Risk Reduction Measures in the Updated ANSI B11.19 Standard

Part 2 of 6 in a series addressing the new edition (2019) of ANSI B11.19

As mentioned in the previous SICK white paper Reducing Risk on Industrial Machinery: An Introduction to the Updated ANSI B11.19 Standard, the newest edition of ANSI B11.19 includes a number of risk reduction measures not addressed in previous editions.

Furthermore, the new standard has reorganized the concepts of risk reduction into a systematic structure following the hierarchy of controls, also known as the three-step method.

This white paper is aimed to briefly introduce the new topics presented in ANSI B11.19. A thorough understanding of the technical requirements can only be achieved by acquiring and reviewing the standard in its entirety.

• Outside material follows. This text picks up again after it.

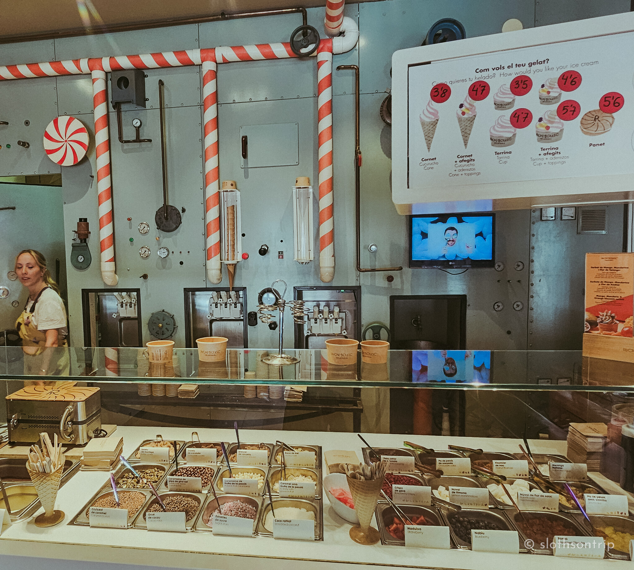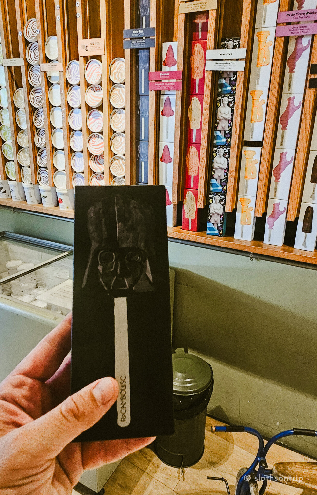 Po drodze na stare miasto robimy jeszcze jeden przystanek w Rocambolesc Gelateria, które na pierwszy rzut oka wygląda jak zwykła lodziarnia, ale szybko okazuje się czymś dużo więcej. To miejsce stworzył Jordi Roca, więc zamiast klasycznych lodów dostajemy małe dzieła sztuki w rożku. W środku jest trochę jak w cukierniczym laboratorium Williego Wonki maszyny, kolory i dziesiątki dodatków, które bardziej przypominają fine dining niż uliczny deser. Wybieramy coś prostego, ale i tak kończy się na rożku, który wygląda jak z Instagrama i smakuje jeszcze lepiej niż wygląda. Jako fan Gwiezdnych Wojen nie mogłem się powstrzymać i spałaszowałem jeszcze lodową wersję Dartha Vadera. Z takim deserem w ręku Girona smakuje jeszcze lepiej.

Step 1: Inherently Safe by Design

Risk reduction measures which are inherently safe by design, are defined by ANSI B11 as “a design measure that reduces risk, which is not susceptible to a malfunction that will increase the risk of harm.” Both ANSI B11.0 and ANSI B11.19 discuss these measures in detail in the new editions.

Of particular interest, it is important to clarify a misnomer that has existed in industry for some time. ISO 12100 refers to Step 1 as “inherently safe design measures,” and defines it as a “protective measure which either eliminates hazards or reduces the risks associated with hazards by changing the design or operating characteristics of the machine without the use of guards or protective devices.”

The ISO definition, in use since at least 2003, is not aligned with the technology of today. As written, any measure that is not a guard or device (e.g., interlock, light curtain, etc.) and built into the equipment qualifies as “inherently safe design.” The confusion this has introduced is an assumption that anything integrated into a machine is, therefore, “inherently safe.“

However, another definition important to consider in light of this discussion is that of a safety function, described as a “function of a machine whose failure can result in an immediate increase of the risk(s).”

It is widely accepted that safety functions are implemented by Step 2 of the hierarchy of controls. With equipment such as power and force limited (PFL) robots, commonly referred to as ‘collaborative robots,’ the power and force limiting feature used to reduce risk is indeed inherently built into the equipment.

However, almost all PFL robots on the market today utilize monitoring of speed and/or force to implement the limiting features. This monitoring function is indeed susceptible to failures, in which case risk will immediately increase. It is imperative to consider the measure itself and how it functions, rather than simply considering if it is built into the equipment by the designer.